In a weblog post revealed Wednesday, a16z Crypto stated the funding will assist continued growth of the protocol’s Bitcoin-native infrastructure.

“Bitcoin’s restricted programmability” has left massive quantities of Bitcoin (BTC) sitting idle, the weblog reads, arguing that enabling its use as collateral might unlock a serious supply of onchain capital and permit BTC to perform as a productive asset inside decentralized finance (DeFi).

Based as a Bitcoin staking protocol in 2022 by David Tse and Fisher Yu, Babylon Labs is growing a Bitcoin-native system of trustless vaults that enables BTC to be used as collateral in onchain lending whereas remaining on the Bitcoin community and below the person’s management.

In December, Babylon partnered with Aave Labs to convey native Bitcoin-backed lending to Aave V4, Aave’s newest lending structure, with Babylon aiming to construct a devoted “Bitcoin-backed Spoke” that enables BTC to be used as collateral with out wrappers or custodians.

The mixing is predicted to enter testing within the first quarter of 2026, with a joint product launch focused for April 2026.

BABY rose sharply on Wednesday and was up about 5% at time of writing, in accordance to CoinGecko knowledge.

Supply: CoinGecko

Associated: Blockrise wins Dutch MiCA license, brings Bitcoin-backed loans to EU businesses

Bitcoin lending evolves in 2025

Crypto-backed lending was broadly blamed for magnifying the fallout of the 2022 FTX collapse, as opaque steadiness sheets, rehypothecation and excessive leverage unraveled alongside falling token costs.

In 2025, the sector resurfaced in a extra restrained kind, with lenders emphasizing full collateralization, stricter custody practices and tighter danger controls.

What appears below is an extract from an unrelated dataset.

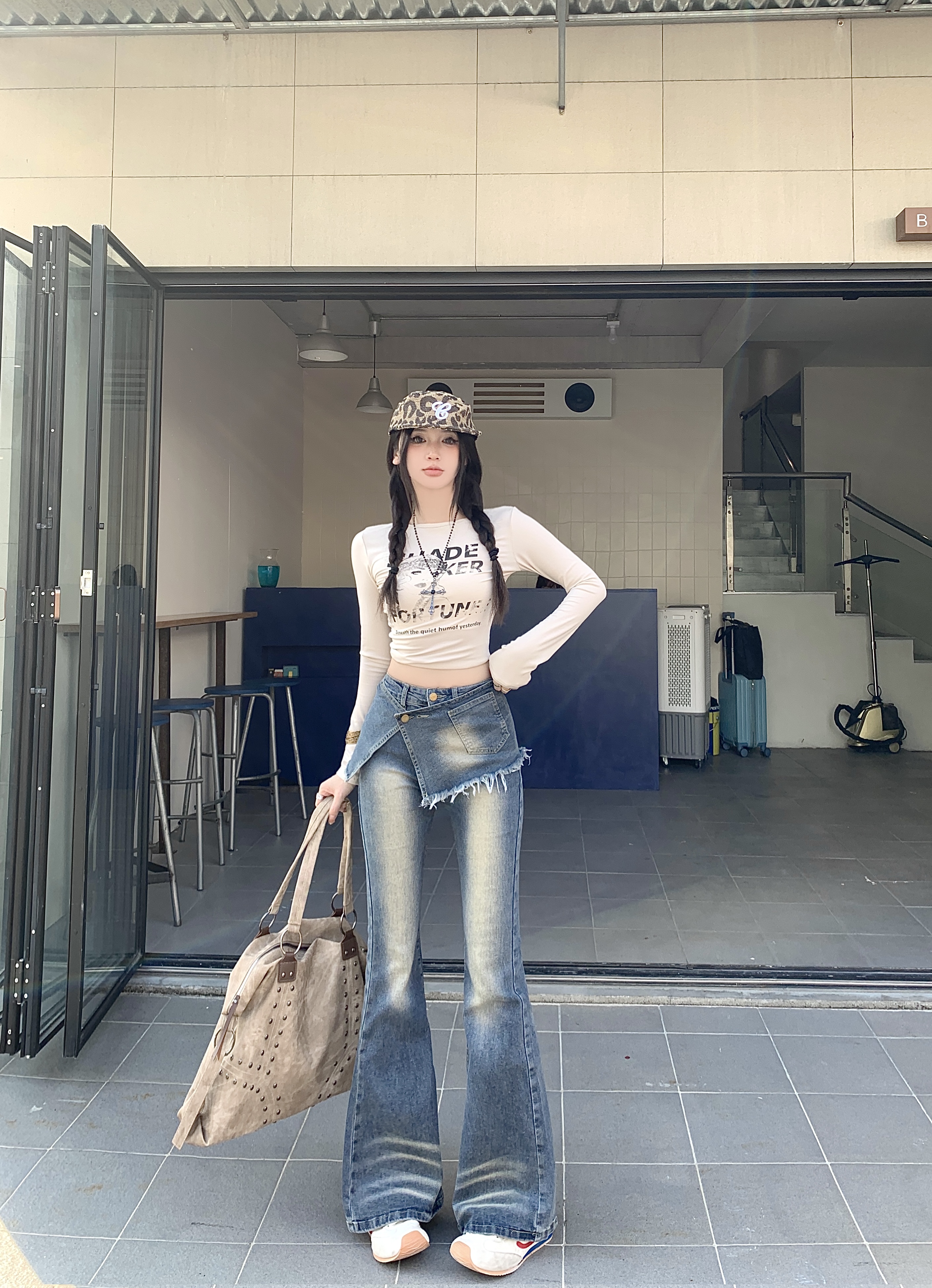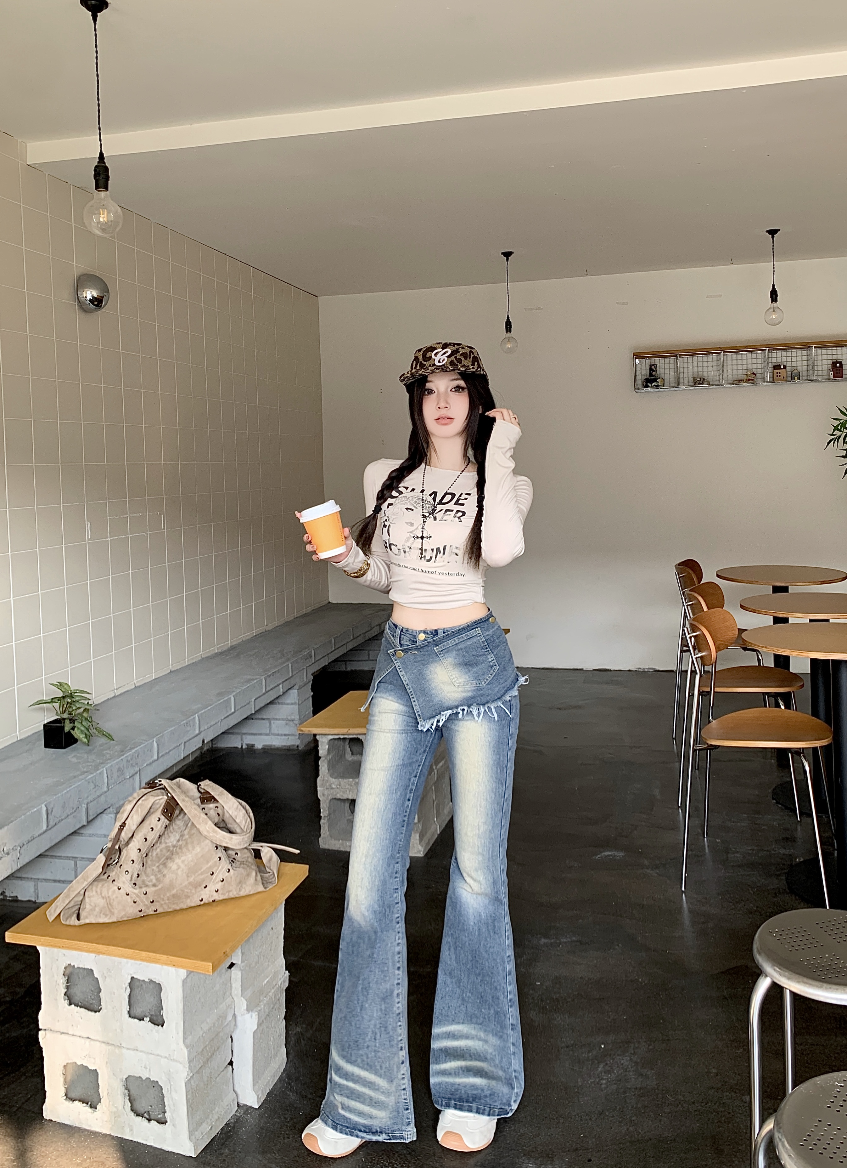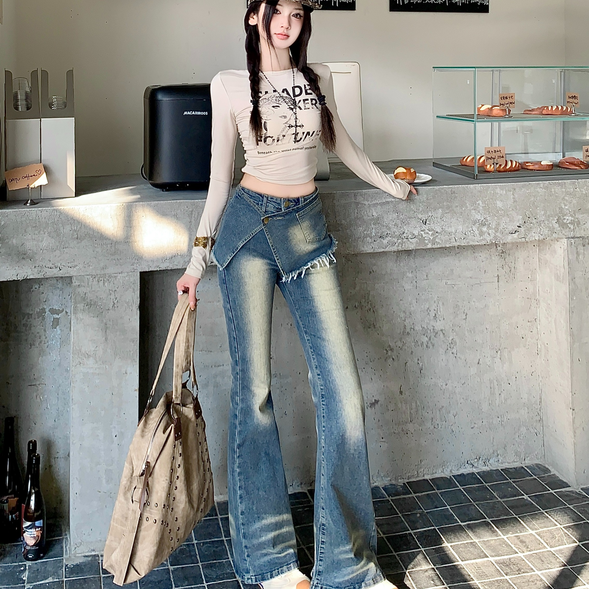 실사 정가 가을 무거운 작업 압력 훈련 하이웨이스트 레트로 바닥 청소 바지 청바지 페이크 레이어드 방귀 커튼 스트레이트 팬츠 여성

In January, Coinbase reintroduced Bitcoin-backed loans in the United States, permitting eligible customers outdoors New York to borrow up to $100,000 in USDC (USDC) in opposition to BTC held on the platform. The loans are facilitated by Morpho Labs and executed on Base, Coinbase’s Ethereum layer-2 community.

In March, Xapo Financial institution launched Bitcoin-backed US dollar loans, enabling eligible shoppers to borrow up to $1 million in opposition to BTC holdings. The financial institution positioned the product for long-term Bitcoin holders in search of liquidity with out promoting, stressing that collateral is held in institutional MPC custody and never rehypothecated.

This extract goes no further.